I looked at a couple breeder lists and it doesn't seem to have any close or in Minnesota. Just wondering if anyone else knows something that I'm missing. Any help would be appreciated.


----------



## Aeyna (Jun 16, 2014)

This is where I got my three boys: http://minneapolis.craigslist.org/hnp/pet/4664507772.html

I know it's not ideal, but when I picked up my three last Tuesday, a new litter had just been born. They breed for their snakes, but they end up with more babies than they need, so they adopt out the rest. I know lots of people have strong opinions about breeding for snake food, but all three of my boys are friendly, none have bitten, and they haven't been sneezing, which is a problem I've had in the past with pet store rats. So not ideal, but you can get the babies once they are at 5 weeks. They have hairless, rex, double rex, dumbos... It's actually a really wide variety of types and colors.


----------



## BlackAce (Apr 18, 2013)

Oooh I'm from the twin cities area as well, so I'll be keeping an eye on this! I was actually thinking of asking the same question lol. Besides what Aeyna posted I only know of Star's rescue, or something like that....but it's in North Dakota.


----------



## KloverBeans (Sep 30, 2014)

Just contacted them, hoping I get a quick response. Even tho I won't be able to get one for another week or so. But I felt really bad when my girlfriends rat passed, and I'm trying to find her another that'll touch her heart the same way Yolandi did.


----------



## KloverBeans (Sep 30, 2014)

Also Aeyna I just have to ask, where oh where did you find your hairless rat? lol

I've owned rats in the past, and just recently got back into keeping them as pets again. And have ALWAYS wanted a hairless, its pretty much my holy grail of pet ownership. x)


----------



## Zabora (Jun 8, 2014)

KloverBeans said:


> Just contacted them, hoping I get a quick response. Even tho I won't be able to get one for another week or so. But I felt really bad when my girlfriends rat passed, and I'm trying to find her another that'll touch her heart the same way Yolandi did.
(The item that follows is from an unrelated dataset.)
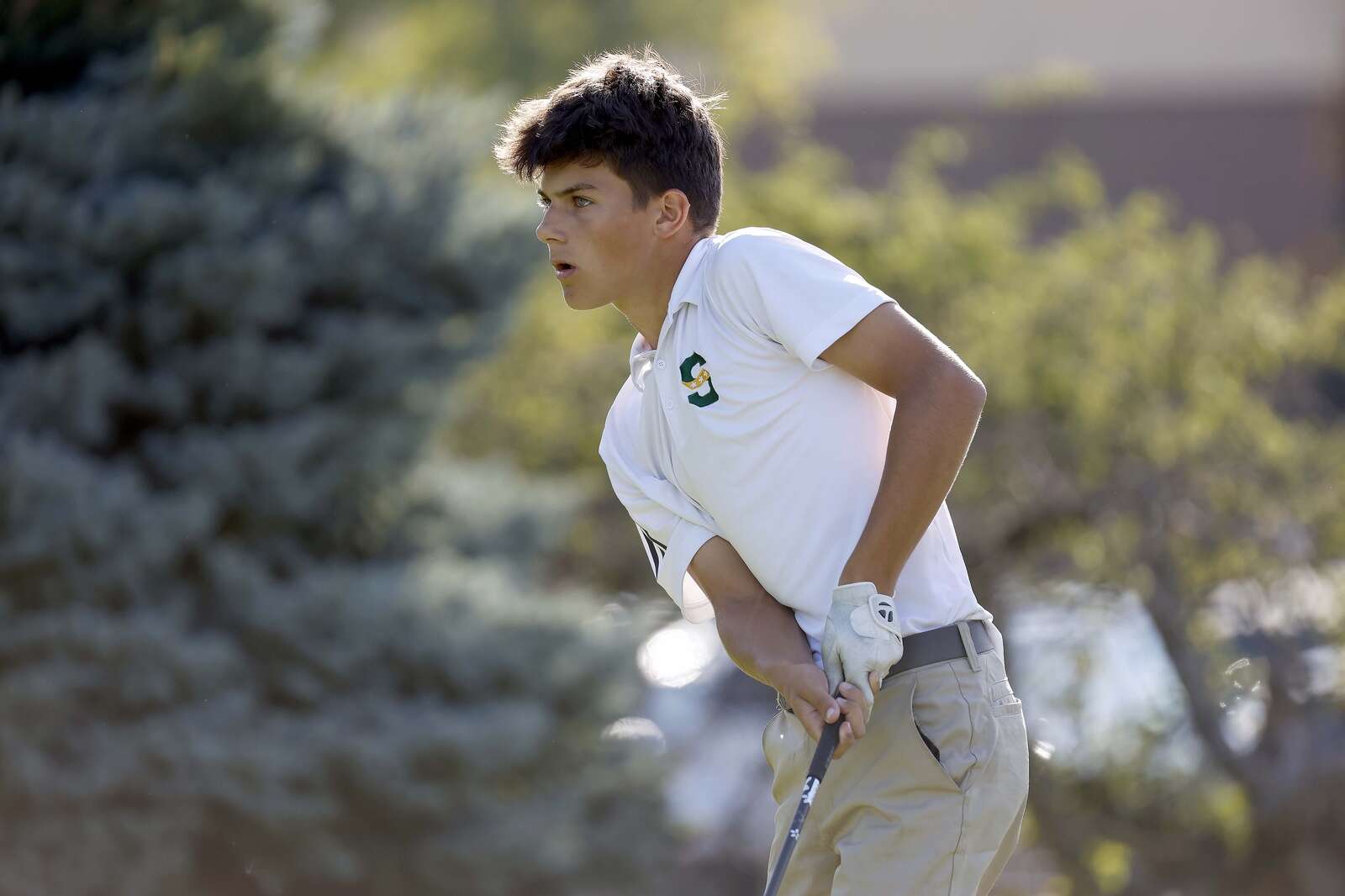 Rocco Peters of South Elgin watches his tee shot during the Class 3A boys golf sectional Monday, Oct. 6, 2025 at the Buffalo Grove Golf Club in Buffalo Grove. Brian Hill/bhill@dailyherald.com
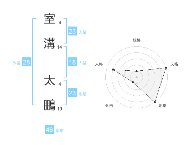 室溝 太鵬さんを姓名の画数から五運を鑑定

 just remember rats need a friend. And you can never replace the heart rat.


----------



## Aeyna (Jun 16, 2014)

I found Gadget on craigslist. The owner didn't want her anymore cause she was skittish. Turns out she's mostly blind. After learning to accommodate her sight problem, she became an awesome rat. The people you contacted have a mom who is naked, but I'm not sure if any of the hairless babies are left. They had a hairless girl when I was there, but I think she was spoken for. I texted them and heard back really fast.


----------



## KloverBeans (Sep 30, 2014)

Zabora said:


> just remember rats need a friend. And you can never replace the heart rat.


Oh she'll have friends. Yolandi left her sister {Luna} and litter mate {Celes} behind sadly. And they've all noticed the change, but we're only looking specifically for girls as they -tend- to be less stinky than males. Plus we don't need babies, I've been through that fiasco one to many times in the past lol.


----------